Records from a dataset:
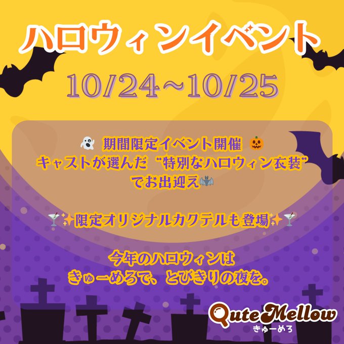 難波・日本橋 Cafe&Bar QuteMellow -きゅーめろ-あんな🎀@annatan_0319·13時間たのしみすぎゆーーー❣️❣️ あんなは25日います🫶🏻何するかはお楽しみに😽💞引用QuteMellow 大阪日本橋【コンカフェ】きゅーめろ@qutemellow·10月23日🎃🦇Qute Mellow HALLOWEEN 2025 開催🎃🕯️ 期間中はキャストが選んだ特別なハロウィン衣装でお出迎え🖤 ここでしか味わえない限定オリジナルカクテルも登場🍸✨ 🕸️今年のハロウィンは、きゅーめろでとびきりの夜を。 📅 開催期間:10月24日(金)〜10月25日(土) 10月24日(金) ましろ 18:00〜さらに表示1103
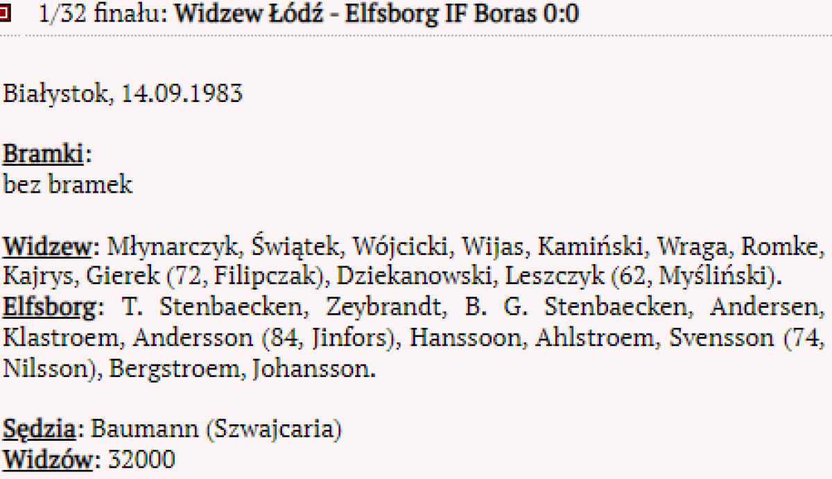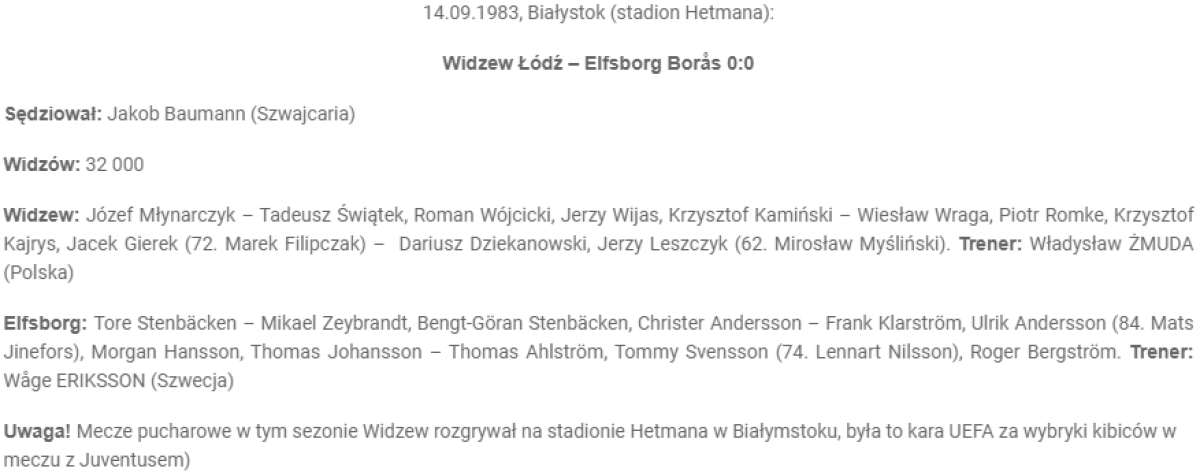 Из-за инциндентов со зрителями в Лодзи на полуфинальном матче КЕЧ Видзев-Ювентус (20/04/1983) УЕФА дисквалифицировала домашний стадион Видзева на еврокубковый сезон 1983/84. УЕФА обязала Видзев проводить домашние матчи в еврокубках не ближе 250 км от Лодзи. Видзев проводил матчи в г. Белосток.
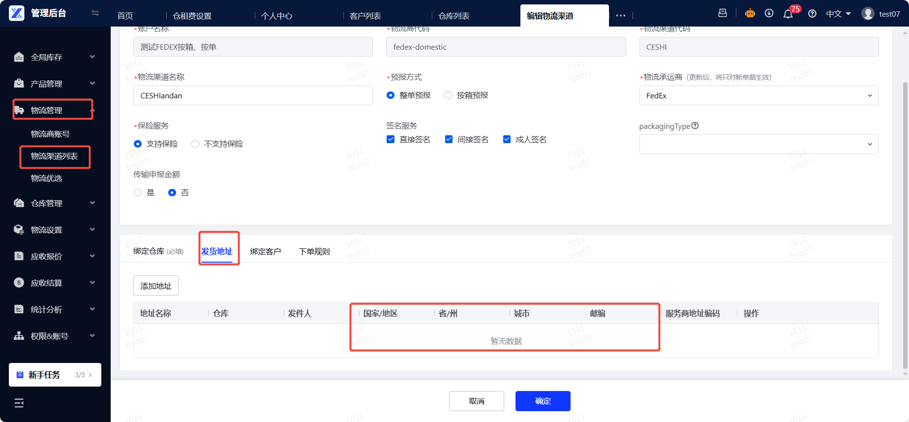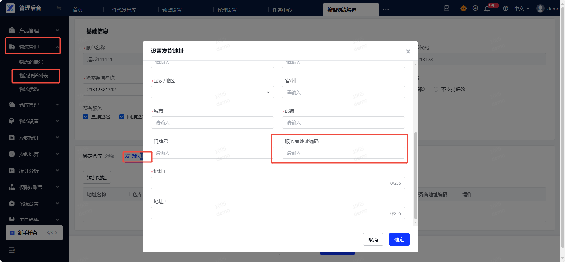 出现该报错,一般是打单系统需要维护地址信息,需要获取打单系统中服务商地址编码填入OMP-物流渠道列表-编辑-发货渠道-服务商地址编码中。
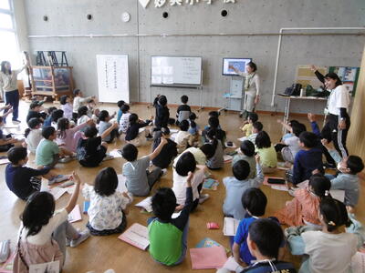 3年生になって初めて学習するのが、「外国語活動」です。担任の先生と外国語活動指導員の先生によるティーム・ティーチングで指導の充実を図っています。3年生の学習目標は、英語を聞いたり話したりしながら、コミュニケーションの楽しさを味わうとともに、異なる文化について理解することにあります。子どもたちは、初めての英語学習に意欲満々!英語で互いにあいさつをしたり、1から20までのナンバーソングを歌ったり、気持ちを表す言葉クイズをしたりしながら、友だちと一緒に楽しく学習に取り組んでいます。
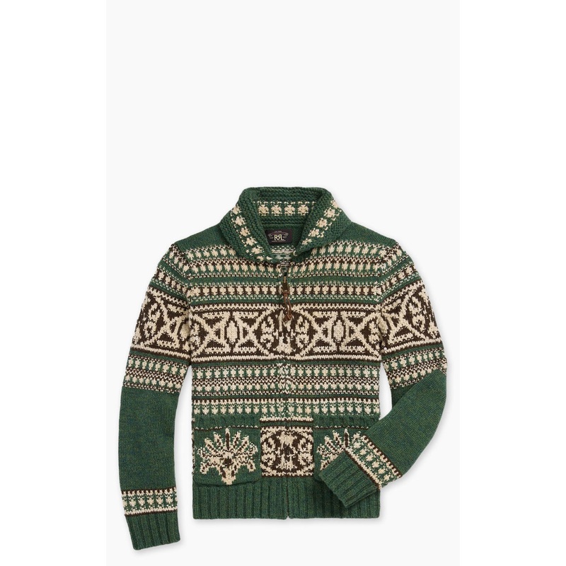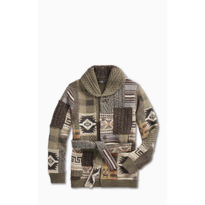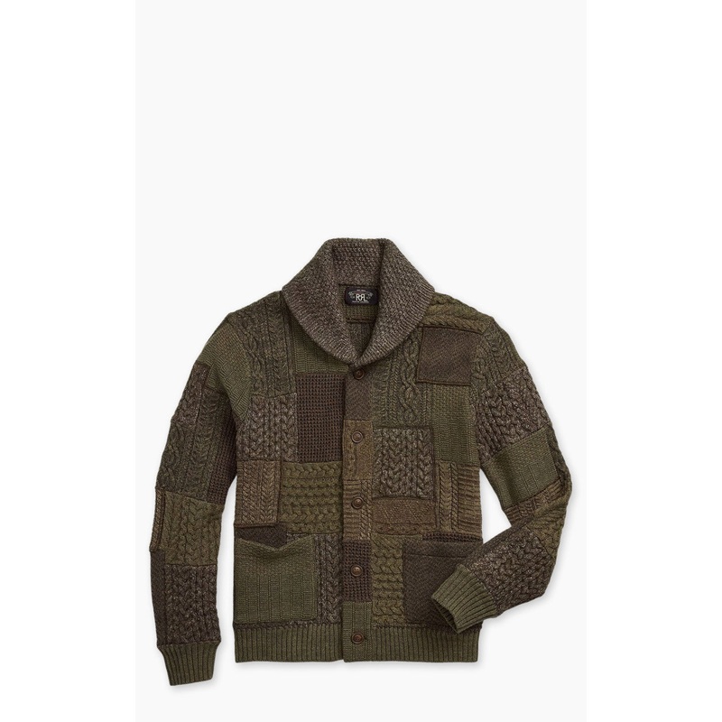 RRL Patchwork Shawl Collar Cardigan Olive Multi
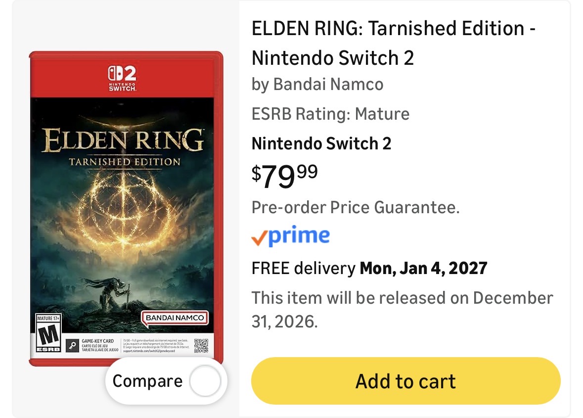 >$80 elden ring bundle on switch 2this is bad >$100 elden ring bundle elsewhere this is exactly what gamers want
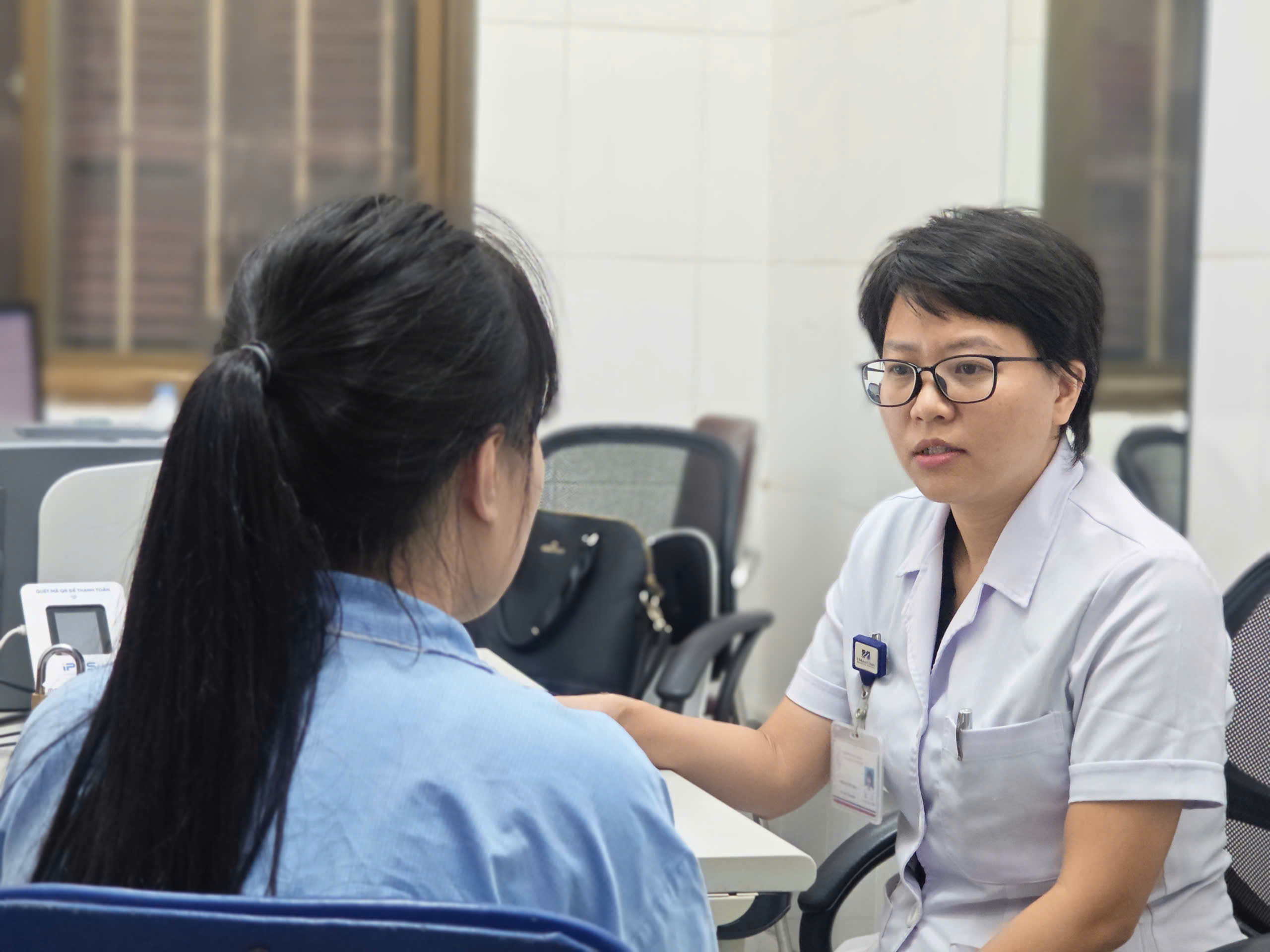 ThS.BSNT. Nguyễn Thị Hoa, Phó Trưởng phòng Tâm lý Lâm sàng, Viện Sức khỏe Tâm thần tư vấn cho người bệnh

§ WHAT YOU SHOULD DO
When you retype the data above, match every line exactly and leave the pictures behind.

§ TASK RESULT
 難波・日本橋 Cafe&Bar QuteMellow -きゅーめろ-あんな🎀@annatan_0319·13時間たのしみすぎゆーーー❣️❣️ あんなは25日います🫶🏻何するかはお楽しみに😽💞引用QuteMellow 大阪日本橋【コンカフェ】きゅーめろ@qutemellow·10月23日🎃🦇Qute Mellow HALLOWEEN 2025 開催🎃🕯️ 期間中はキャストが選んだ特別なハロウィン衣装でお出迎え🖤 ここでしか味わえない限定オリジナルカクテルも登場🍸✨ 🕸️今年のハロウィンは、きゅーめろでとびきりの夜を。 📅 開催期間:10月24日(金)〜10月25日(土) 10月24日(金) ましろ 18:00〜さらに表示1103
 Из-за инциндентов со зрителями в Лодзи на полуфинальном матче КЕЧ Видзев-Ювентус (20/04/1983) УЕФА дисквалифицировала домашний стадион Видзева на еврокубковый сезон 1983/84. УЕФА обязала Видзев проводить домашние матчи в еврокубках не ближе 250 км от Лодзи. Видзев проводил матчи в г. Белосток.
 出现该报错,一般是打单系统需要维护地址信息,需要获取打单系统中服务商地址编码填入OMP-物流渠道列表-编辑-发货渠道-服务商地址编码中。
 3年生になって初めて学習するのが、「外国語活動」です。担任の先生と外国語活動指導員の先生によるティーム・ティーチングで指導の充実を図っています。3年生の学習目標は、英語を聞いたり話したりしながら、コミュニケーションの楽しさを味わうとともに、異なる文化について理解することにあります。子どもたちは、初めての英語学習に意欲満々!英語で互いにあいさつをしたり、1から20までのナンバーソングを歌ったり、気持ちを表す言葉クイズをしたりしながら、友だちと一緒に楽しく学習に取り組んでいます。
 RRL Patchwork Shawl Collar Cardigan Olive Multi
 >$80 elden ring bundle on switch 2this is bad >$100 elden ring bundle elsewhere this is exactly what gamers want
 ThS.BSNT. Nguyễn Thị Hoa, Phó Trưởng phòng Tâm lý Lâm sàng, Viện Sức khỏe Tâm thần tư vấn cho người bệnh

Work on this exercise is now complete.